Ref. https://capsule.clastix.io/docs/guides/flux2-capsule/#the-recipe, I think it the UI could as simple as annotating the tenant gitops-reconciler service account with an indication of the name of the secret the kubeConfig should be delivered to. Example:

apiVersion: v1
kind: ServiceAccount
metadata:
  name: gitops-reconciler
  namespace: my-tenant
  annotations:
    capsule.clastix.io/kubeconfig-secret-name: gitops-reconciler-kubeconfig

This should make the automation (capsule-controller) deliver and maintain the kubeConfig secret:

apiVersion: v1
kind: Secret
metadata:
  name: gitops-reconciler-kubeconfig
  namespace: my-tenant
data:
  kubeconfig: ......
@erikgb erikgb added the blocked-needs-validation Issue need triage and validation label Jun 9, 2023
@prometherion
Copy link
Member

I like the idea of automating the deployment of the kubeconfig.

Since we're talking about the capsule-proxy, BTW, I think this should be delegated to that project, since without it the FluxCD integration cannot work as expected.

@MaxFedotov @maxgio92 @bsctl @oliverbaehler WDYT?

@erikgb
Copy link
Author

erikgb commented Jun 9, 2023

Since we're talking about the capsule-proxy, BTW, I think this should be delegated to that project, since without it the FluxCD integration cannot work as expected.

That makes sense. I wasn't fully aware of capsule-proxy being a separate project. Sorry.

@erikgb
Copy link
Author

erikgb commented Jun 10, 2023

After thinking a bit more about this, I think it makes more sense to focus on the secret and rely on a K8s feature, as this will probably make the machinery simpler and less error-prone. So my modified suggestion is the following.

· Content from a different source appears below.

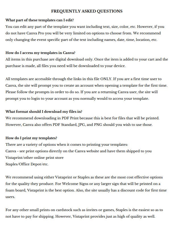 Simply access the templates and edit them to your specific event (date, names, location, etc.) and then print and you are ready to go...bridal shower made easy!
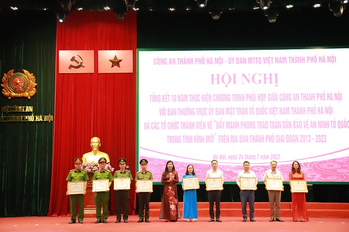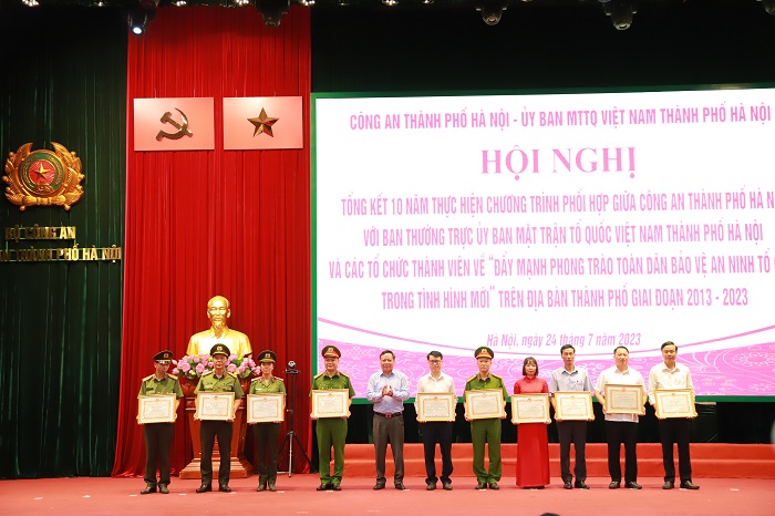 Nhân dịp này, Lãnh đạo UBND thành phố Hà Nội và Giám đốc Công an Thành phố đã khen thưởng cho nhiều tập thể, cá nhân có thành thành xuất sắc trong thực hiện Chương trình phối hợp về “Đẩy mạnh phong trào toàn dân bảo vệ an ninh Tổ quốc trong tình hình mới” trên địa bàn Thành phố, giai đoạn 2013 - 2023.

The user creates the secret where he/she wants to obtain the capsule-proxy kubeconfig. The secret is created as request for a long-lived token as explained here, but with one additional annotation.

apiVersion: v1
kind: Secret
metadata:
  name: gitops-reconciler-kubeconfig
  namespace: my-tenant
  annotations:
    kubernetes.io/service-account.name: gitops-reconciler
    capsule.clastix.io/kubeconfig: generate
type: kubernetes.io/service-account-token

When the Kubernetes controller has done its job adding the token++ to the secret, the Capsule controller can use the token to generate the kubeConfig and add it to the secret. The resulting secret might look like this:

kind: Secret
apiVersion: v1
metadata:
  name: gitops-reconciler-kubeconfig
  namespace: my-tenant
  annotations:
    capsule.clastix.io/kubeconfig: generate
    kubernetes.io/service-account.name: gitops-reconciler
    kubernetes.io/service-account.uid: 7dfa681c-f6a9-4b15-969a-e5e7ac834ace
data:
  ca.crt: ....
  kubeconfig: ...
  service-ca.crt: ...
  token: ...
type: kubernetes.io/service-account-token

@maxgio92
Copy link
Collaborator

maxgio92 commented Jun 10, 2023

Tracking

@prometherion I agree, we can move this issue to capsule-proxy repository.

The proposal

Thank you @erikgb for this feedback and proposal.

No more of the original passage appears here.